### Problem statement
With the pictures left out, write out the records verbatim.
Top of Extracted material
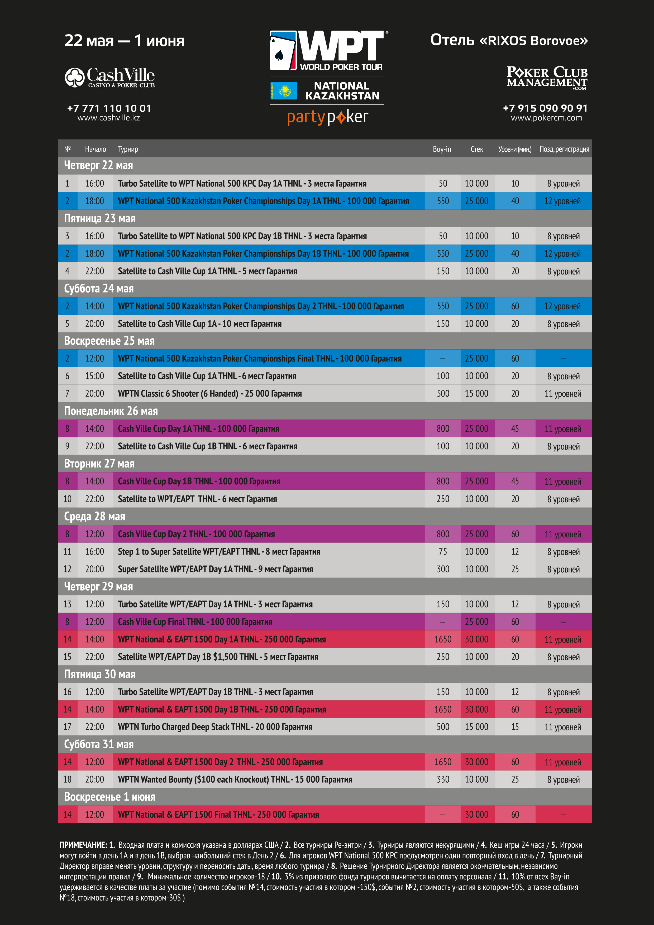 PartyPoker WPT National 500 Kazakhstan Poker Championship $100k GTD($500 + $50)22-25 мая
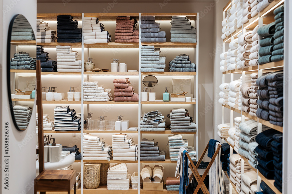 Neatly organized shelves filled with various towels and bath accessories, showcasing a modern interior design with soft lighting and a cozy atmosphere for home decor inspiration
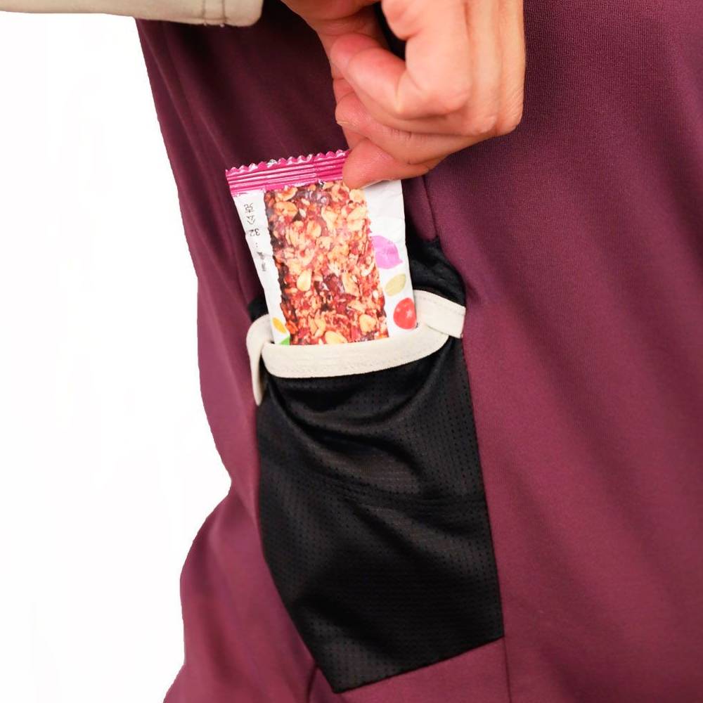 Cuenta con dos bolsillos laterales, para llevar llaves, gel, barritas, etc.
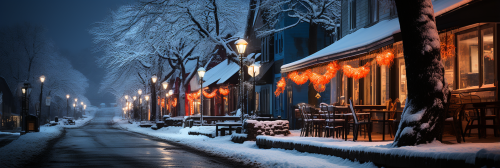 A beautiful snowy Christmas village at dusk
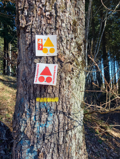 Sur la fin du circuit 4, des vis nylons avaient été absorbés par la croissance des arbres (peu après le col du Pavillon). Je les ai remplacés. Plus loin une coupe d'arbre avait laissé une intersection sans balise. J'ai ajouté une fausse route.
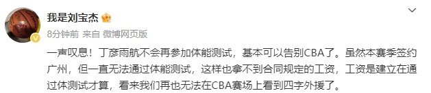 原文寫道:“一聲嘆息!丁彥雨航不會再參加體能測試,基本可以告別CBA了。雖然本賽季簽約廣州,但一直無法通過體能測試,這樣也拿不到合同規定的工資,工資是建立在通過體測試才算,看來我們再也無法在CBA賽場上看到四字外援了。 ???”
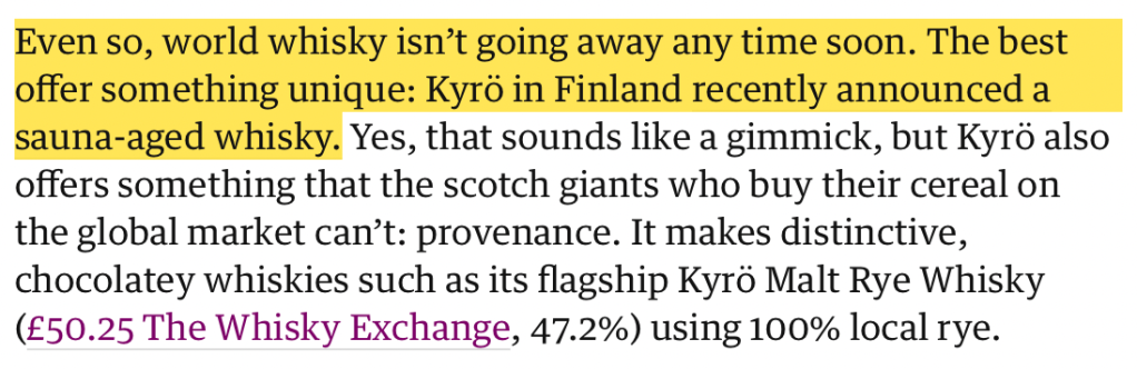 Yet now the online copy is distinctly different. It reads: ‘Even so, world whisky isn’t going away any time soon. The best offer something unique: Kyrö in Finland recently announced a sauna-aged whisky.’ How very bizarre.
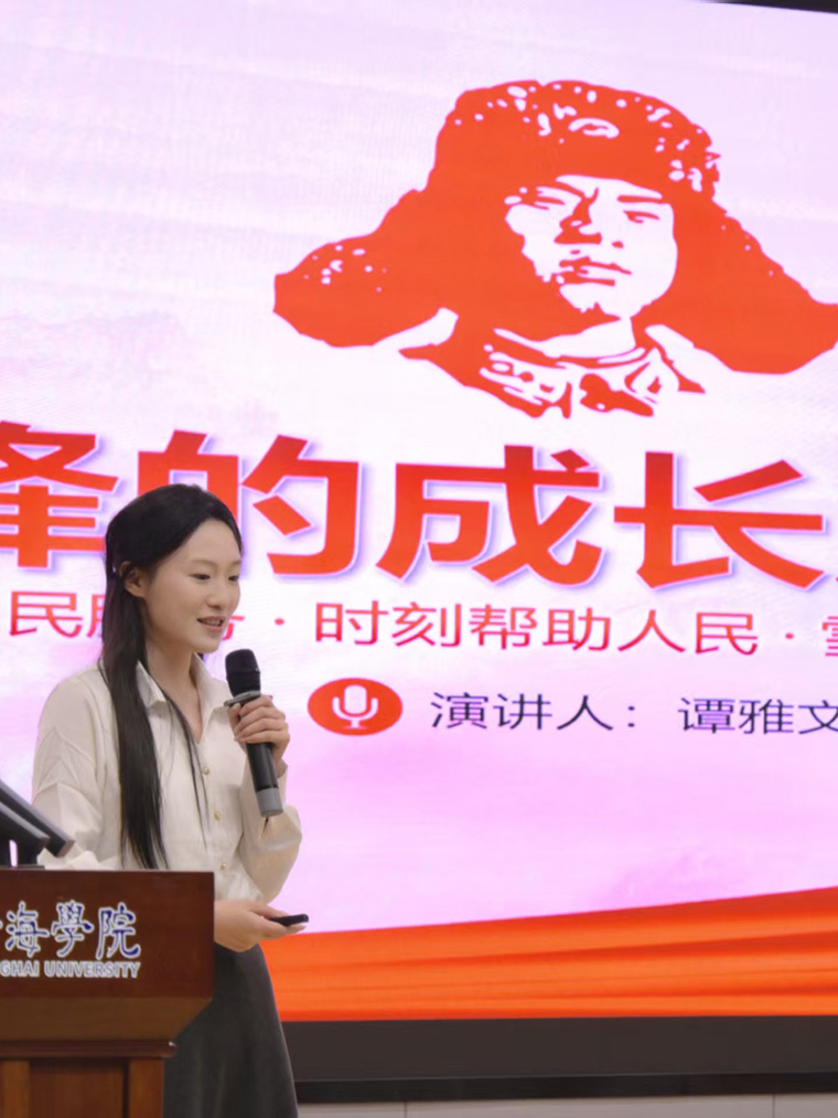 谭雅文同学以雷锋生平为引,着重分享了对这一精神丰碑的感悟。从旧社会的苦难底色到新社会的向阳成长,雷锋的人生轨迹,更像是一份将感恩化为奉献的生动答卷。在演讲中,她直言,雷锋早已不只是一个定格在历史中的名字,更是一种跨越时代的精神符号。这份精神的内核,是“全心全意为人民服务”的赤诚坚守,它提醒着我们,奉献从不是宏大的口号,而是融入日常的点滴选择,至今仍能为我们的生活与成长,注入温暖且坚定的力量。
Bottom of Extracted material
### Answer
 PartyPoker WPT National 500 Kazakhstan Poker Championship $100k GTD($500 + $50)22-25 мая
 Neatly organized shelves filled with various towels and bath accessories, showcasing a modern interior design with soft lighting and a cozy atmosphere for home decor inspiration
 Cuenta con dos bolsillos laterales, para llevar llaves, gel, barritas, etc.
 A beautiful snowy Christmas village at dusk
 Sur la fin du circuit 4, des vis nylons avaient été absorbés par la croissance des arbres (peu après le col du Pavillon). Je les ai remplacés. Plus loin une coupe d'arbre avait laissé une intersection sans balise. J'ai ajouté une fausse route.
 原文寫道:“一聲嘆息!丁彥雨航不會再參加體能測試,基本可以告別CBA了。雖然本賽季簽約廣州,但一直無法通過體能測試,這樣也拿不到合同規定的工資,工資是建立在通過體測試才算,看來我們再也無法在CBA賽場上看到四字外援了。 ???”
 Yet now the online copy is distinctly different. It reads: ‘Even so, world whisky isn’t going away any time soon. The best offer something unique: Kyrö in Finland recently announced a sauna-aged whisky.’ How very bizarre.
 谭雅文同学以雷锋生平为引,着重分享了对这一精神丰碑的感悟。从旧社会的苦难底色到新社会的向阳成长,雷锋的人生轨迹,更像是一份将感恩化为奉献的生动答卷。在演讲中,她直言,雷锋早已不只是一个定格在历史中的名字,更是一种跨越时代的精神符号。这份精神的内核,是“全心全意为人民服务”的赤诚坚守,它提醒着我们,奉献从不是宏大的口号,而是融入日常的点滴选择,至今仍能为我们的生活与成长,注入温暖且坚定的力量。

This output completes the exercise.